Is there anyone out there who has mastered the three Es as well as I have? It's a funny old Unique Selling Point, I grant you, but it seems to work. I just have to appear on Have I Got News For You, say "bendy buses" in my amusing, mad Latin-master way and the votes flood in. Poor old Ken thought he had the three Es cracked when he started banging on about his newts but, frankly, he was out of his depth.

That's another great thing about bendy buses. They show that while I happen to have attended a certain academy near Slough, and an academic institution in the city of Oxford, I'm still in touch with the strap-hanging classes. As they try to squeeze their noisome frames on to the No 294, they say to themselves, "Good old Boris, bit of a plonker but his heart's in the right place. He's one of us."

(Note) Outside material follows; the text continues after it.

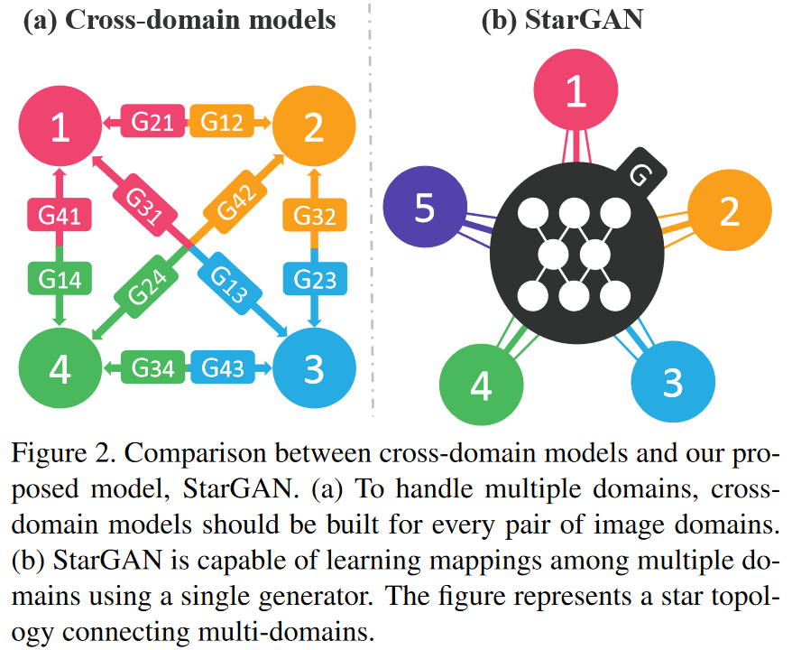 기존의 2-도메인 전용 이미지 변환 모델(DIAT, CycleGAN 등)은 한 번의 학습으로 오직 두 개의 도메인 사이에서만 변환을 수행할 수 있다. 따라서 전체 도메인 수가 $K$개일 경우, 가능한 모든 도메인 간 변환을 학습하려면 각 도메인 쌍마다 별도의 모델을 학습해야 한다. 여기서 도메인 간 변환은 방향성을 가지므로, 예를 들어 $A \to B$ 변환과 $B \to A$ 변환은 서로 다른 매핑으로 취급된다. 이 때문에 필요한 모델의 개수는 순열 공식 $P(K, 2) = K \times (K - 1)$로 계산되며, 도메인 수가 7개인 경우 총 42개의 모델이 필요하다. 이러한 구조는 도메인 수가 늘어날수록 모델 수가 기하급수적으로 증가하는 비효율성을 초래한다. StarGAN은 이러한 문제를 해결하기 위해, 모든 도메인 간 매핑을 단일 생성기와 판별기에서 처리할 수 있도록 설계되어, $K(K-1)$개의 모델을 학습해야 하는 기존 방식의 한계를 제거한다.

I've got a hinterland, you see. Boy, have I got a hinterland. Columns, TV shows, novels, a spot of history here, a spot of how's-your-father there – anyone would think that I was too bored with politics to bother about it, perish the thought.

Which brings me to the question of what my thought about bendy buses should be. The great thing about transport as material for a soundbite is that it's almost impossible to put your foot in it. You can't accuse a bus of being "too full of drugs, obesity, underachievement" in the manner of Portsmouth or wallowing in sentimentality, like a Scouser. It's solid, is a bendy bus, uncontroversial.

Talking of thoughts, I had a wizard one the other day. It suddenly occurred to me that I might just get away with this. No, don't laugh just for a moment – this wheeze could actually work. While the Government drifts rudderless on Gordon's Good Ship Lollipop across a sea of good intentions and the Liberal Democrats are sucked into a black hole on nothingy niceness, I just sit here, striking amusingly daft poses. People are so rigidly, terminally bored by what they have been watching for the past few years, that they turn to me. For them, I'm somewhere between Billy Bunter and Hugh Grant. They laugh. They vote. It's a sort of miracle.

All of which brings me finally to the very important question of the bendy bus. What, no more time? But I could keep going like this for another hour or so, if you want. Just have a word with my agent.